Даже в самом упрощенном виде точка зрения Элиаса полезна для нас как минимум в двух смыслах. С одной стороны, согласно ей, изменения в структуре государства влияют на общественное пространство, и это является решающим фактором для понимания новой дифференциации поведенческих моделей. Напомним, что в интересующую нас эпоху «частное» (prive) было синонимом «приватного» (particulier), которым обозначалось отсутствие публичного положения или авторитета: согласно толковому словарю Ришле (1679), в понятие «частного» входит личная принадлежность, особенность и отсутствие общественных обязанностей. Напомним и то, что разделение человеческих действий на дозволенные и непозволительные, явные и скрытые, публичные и интимные укореняется в обществе благодаря более или менее насильственному принуждению со стороны государства.
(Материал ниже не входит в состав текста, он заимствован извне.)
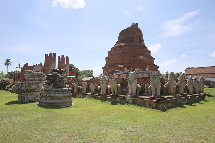 Wat Thammikarat (also called Wat Dhamikaraj) is a large temple located immediately to the east of the site of the Royal Palace of Ayutthaya. Its proximity and size testify to its importance in the Ayutthayan period, but it is not known precisely when the temple was founded. Local legends suggest that it may predate the founding of Ayutthaya itself in the 14th century; if so, its present buildings are almost certainly an early Ayutthayan-period reconstruction. Some evidence of antiquity includes a large bronze Buddhist head discovered here which was fashioned in a style "dating back to the second generation of U Thong art" (Ayutthaya: A World Heritage, p. 106). Another antique feature are the lion figures (singh) encircling the principal chedi that are quite similar to Khmer motifs seen at Angkor, a city which reached its zenith several hundred years before Ayutthaya's founding.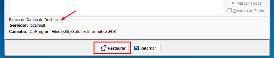 8. Na parte inferior o sistema indicará o local onde a cópia será restaurada (Servidor + Caminho). Clique em Restaurar para iniciar o processo.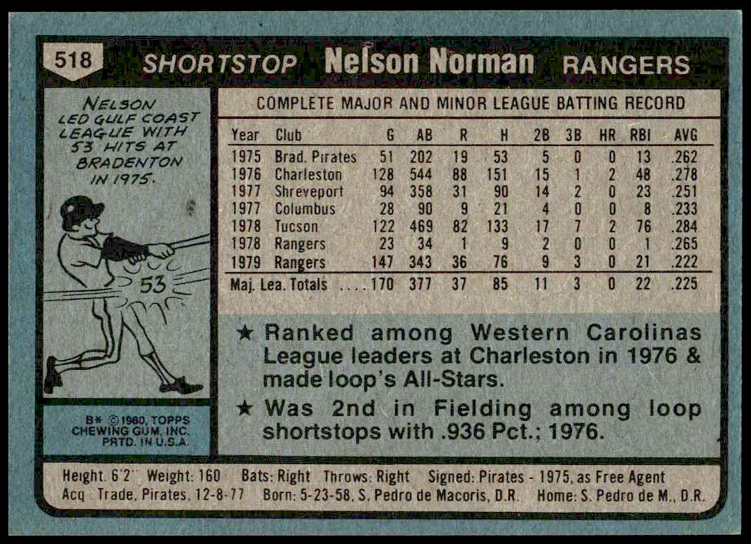 This Baseball card, from 1980 is part of the Topps  card set. Nelson Norman is featured and has a card number of 518.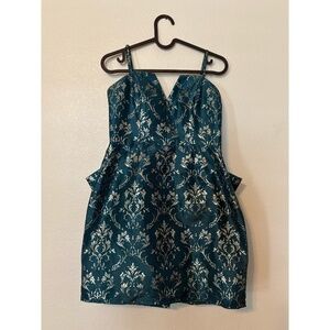 Altar'd State | Jacquard Party Dress with Statement Bow (Teal & Gold)

С другой стороны, такая перспектива подчеркивает историческую вариативность психического устройства, которое не считается неизменным и универсальным, что позволяет соотнести расширение приватизации — со временем распространяющейся на все большее количество типов поведения и охватывающей все более широкие социальные слои — с внутренними личностными трансформациями, связанными с нарастающим в раннее Новое время напряжением между инстинктом и контролем, аффектами и цензурой.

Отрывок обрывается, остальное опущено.